ENTRIES SUPPLIED below:

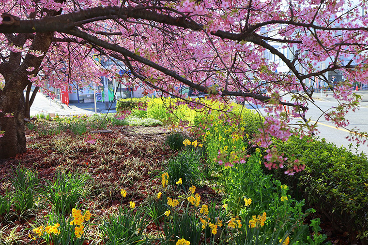 三浦海岸駅前の河津桜と菜の花です。
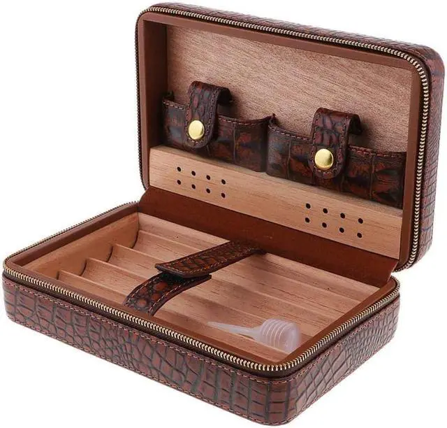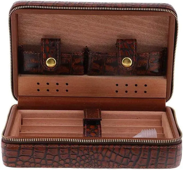 Four grids design allow to put your cigar in order Good sealing and protect humiditi and scent Cedar Cigar Humidor Cigar Box Bag 4 Supply surface grain and zipper design
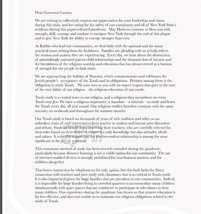 נאכדעם וואס גאווענער קאומא האט היינט געמאלדן אז דעי קעמפס וועלן זיך קענען עפענען פון דעם קומענדיגן ז' תמוז, ווערט אויפגעדעקט איבער א בריוו וועלכע איז געשריבן געווארן צום מעיאר דורך א רייע גדולי אדמורי"ם פארלאפענעם ערב שבועות. אינעם בריוו וועלכע איז אונטערגעחתמ'ט געווארן דורך האחים האדמורי"ם מסאטמאר, מונקאטש, וויזניץ-מאנסי, וויזניץ-וומסב"ג, פאפא, באבוב-45 און וויען שליט"א האבן די עיני העדה ערקלערט פאר'ן גאווענער איבער די וויכטיגקייט פון צוריק עפענען די בתי חינוך אויפן זוממער. אין אנדערע נייעס ווערט אויך אנדעקט אז די שארפע דעקלעראציע פון פרעזידענט טראמפ צוריק צו עפענען די בתי מדרשים, איז געקומען אין רעאקציע נאך א טעלעפאן-געשפרעך פון כ"ק אדמו"ר מסאטמאר שליט"א (מהר"א) מיט ווייסע הויז געהילפן.
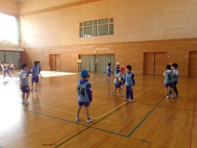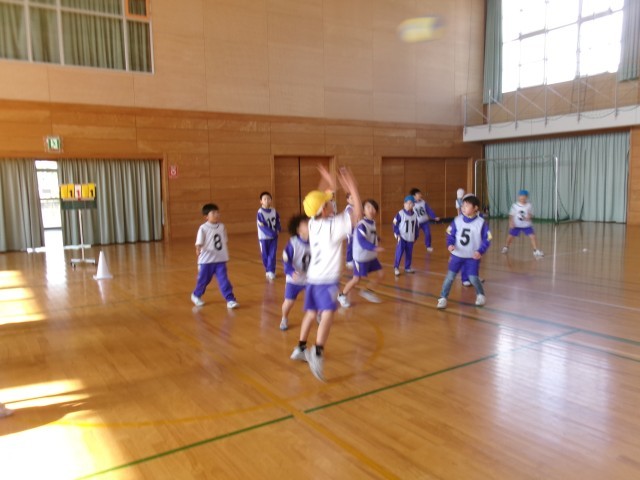 今、体育では、ボールを使って基本の運動遊びに取り組んでいます。また、ボールに慣れる運動を通して「ドッジボール」を楽しんでいます。ちょっと、変わったドッジボールで、キャプテン制を取り入れたり、バレーボールのような得点ゲームにしたりしています。
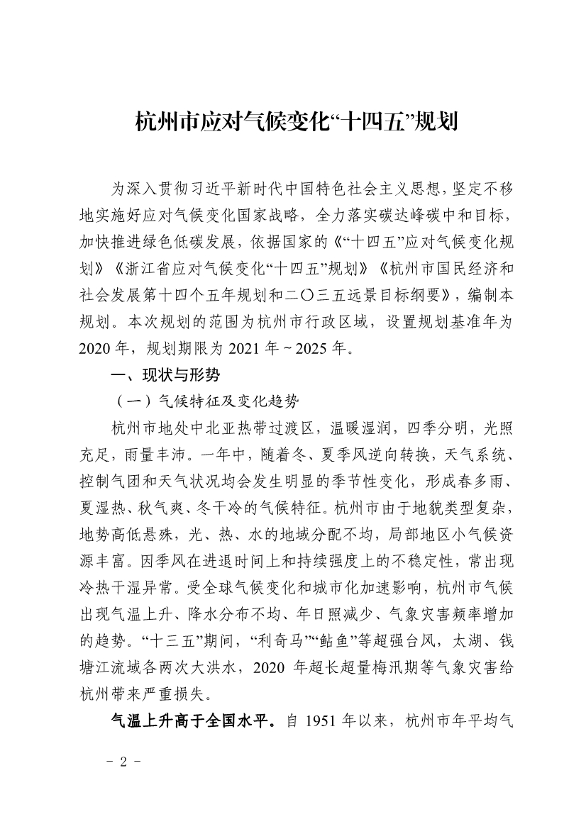 《杭州市應(yīng)對(duì)氣候變化“十四五”規(guī)劃》
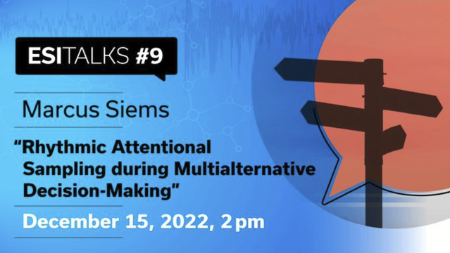 Join us tomorrow, Thursday, December 15, at 14 CET, for the next #ESItalks at our institute in Frankfurt (in person). We are excited to welcome Marcus Siems talking about ""Rhythmic Attentional Sampling during Multialternative Decision-Making"!
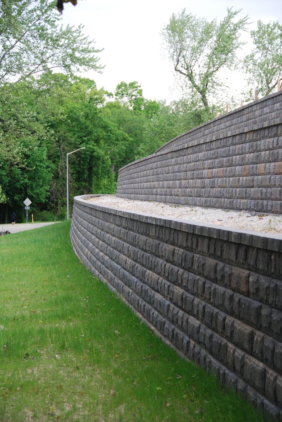 The Grand Rapids Home for Veterans project had many parts that needed to be considered, from geogrid lengths and tall wall considerations, to surcharges above the wall and fence overturning calculations. The designers at Holland Engineering had their hands full, but Josh and his team, by methodically stepping through each area of the wall with the assistance of Allan Block’s Best Practices and AB Engineering Manual, were able to design this stunning new terraced landmark that will stand for years to come.
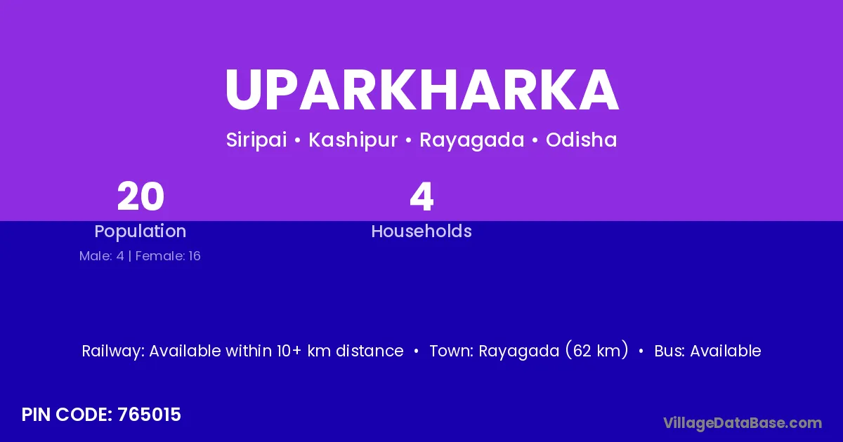 Rayagada (62 km) is the nearest town to Uparkharka village for major economic activities and is located approximately 62 km away.
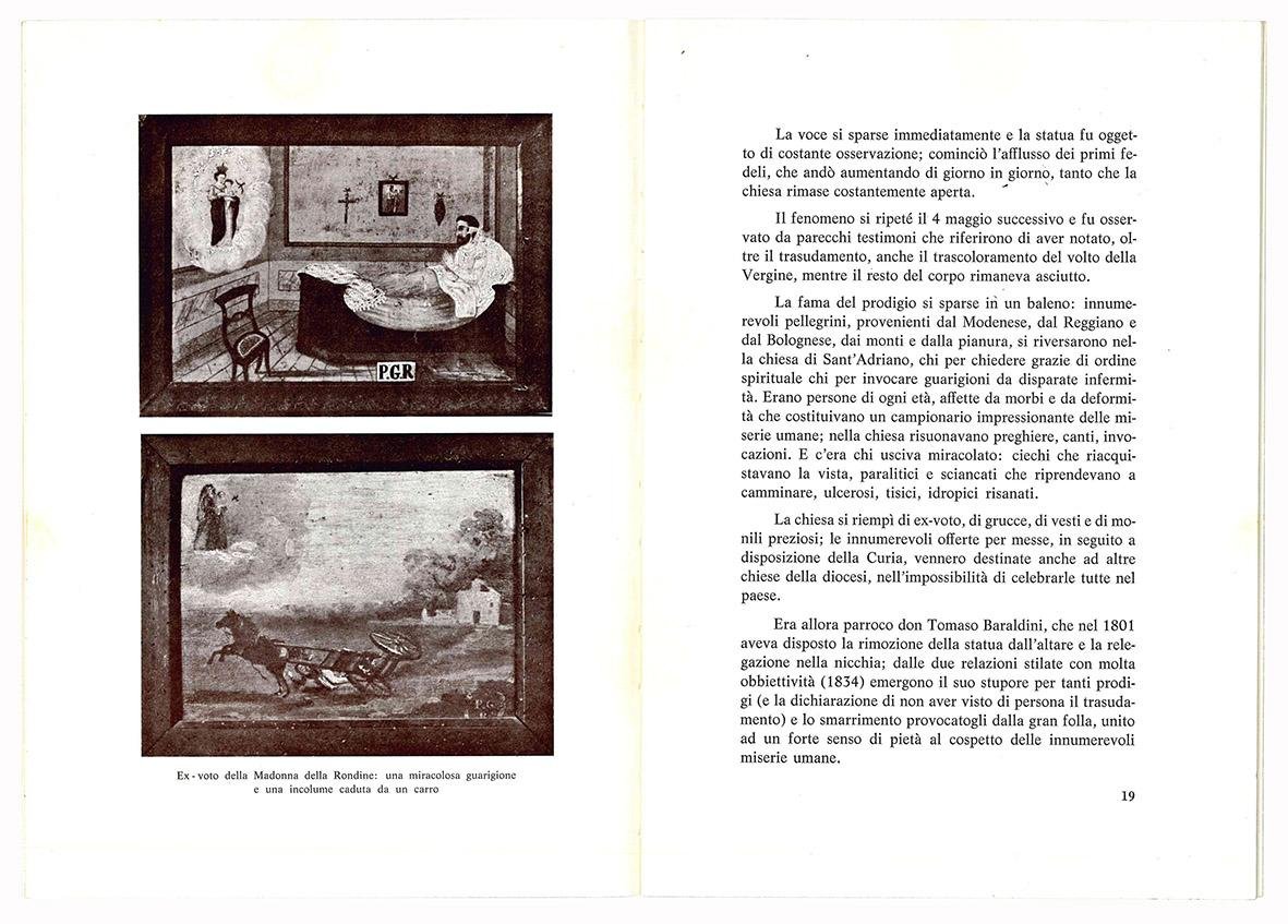 In 8vo (mm 240x170); pp. 31, [3]. Brossura editoriale con copertina illustrata a colori. Monografia dedicata alla storia della celebre statua della Madonna della Rondine di Spilamberto in provincia di Modena.

End of ENTRIES SUPPLIED.

**WHAT IS EXPECTED:** Print the listing exactly, but skip its pictures.

**RESPONSE:**
 三浦海岸駅前の河津桜と菜の花です。
 Four grids design allow to put your cigar in order Good sealing and protect humiditi and scent Cedar Cigar Humidor Cigar Box Bag 4 Supply surface grain and zipper design
 נאכדעם וואס גאווענער קאומא האט היינט געמאלדן אז דעי קעמפס וועלן זיך קענען עפענען פון דעם קומענדיגן ז' תמוז, ווערט אויפגעדעקט איבער א בריוו וועלכע איז געשריבן געווארן צום מעיאר דורך א רייע גדולי אדמורי"ם פארלאפענעם ערב שבועות. אינעם בריוו וועלכע איז אונטערגעחתמ'ט געווארן דורך האחים האדמורי"ם מסאטמאר, מונקאטש, וויזניץ-מאנסי, וויזניץ-וומסב"ג, פאפא, באבוב-45 און וויען שליט"א האבן די עיני העדה ערקלערט פאר'ן גאווענער איבער די וויכטיגקייט פון צוריק עפענען די בתי חינוך אויפן זוממער. אין אנדערע נייעס ווערט אויך אנדעקט אז די שארפע דעקלעראציע פון פרעזידענט טראמפ צוריק צו עפענען די בתי מדרשים, איז געקומען אין רעאקציע נאך א טעלעפאן-געשפרעך פון כ"ק אדמו"ר מסאטמאר שליט"א (מהר"א) מיט ווייסע הויז געהילפן.
 今、体育では、ボールを使って基本の運動遊びに取り組んでいます。また、ボールに慣れる運動を通して「ドッジボール」を楽しんでいます。ちょっと、変わったドッジボールで、キャプテン制を取り入れたり、バレーボールのような得点ゲームにしたりしています。
 《杭州市應(yīng)對(duì)氣候變化“十四五”規(guī)劃》
 Join us tomorrow, Thursday, December 15, at 14 CET, for the next #ESItalks at our institute in Frankfurt (in person). We are excited to welcome Marcus Siems talking about ""Rhythmic Attentional Sampling during Multialternative Decision-Making"!
 The Grand Rapids Home for Veterans project had many parts that needed to be considered, from geogrid lengths and tall wall considerations, to surcharges above the wall and fence overturning calculations. The designers at Holland Engineering had their hands full, but Josh and his team, by methodically stepping through each area of the wall with the assistance of Allan Block’s Best Practices and AB Engineering Manual, were able to design this stunning new terraced landmark that will stand for years to come.
 Rayagada (62 km) is the nearest town to Uparkharka village for major economic activities and is located approximately 62 km away.
 In 8vo (mm 240x170); pp. 31, [3]. Brossura editoriale con copertina illustrata a colori. Monografia dedicata alla storia della celebre statua della Madonna della Rondine di Spilamberto in provincia di Modena.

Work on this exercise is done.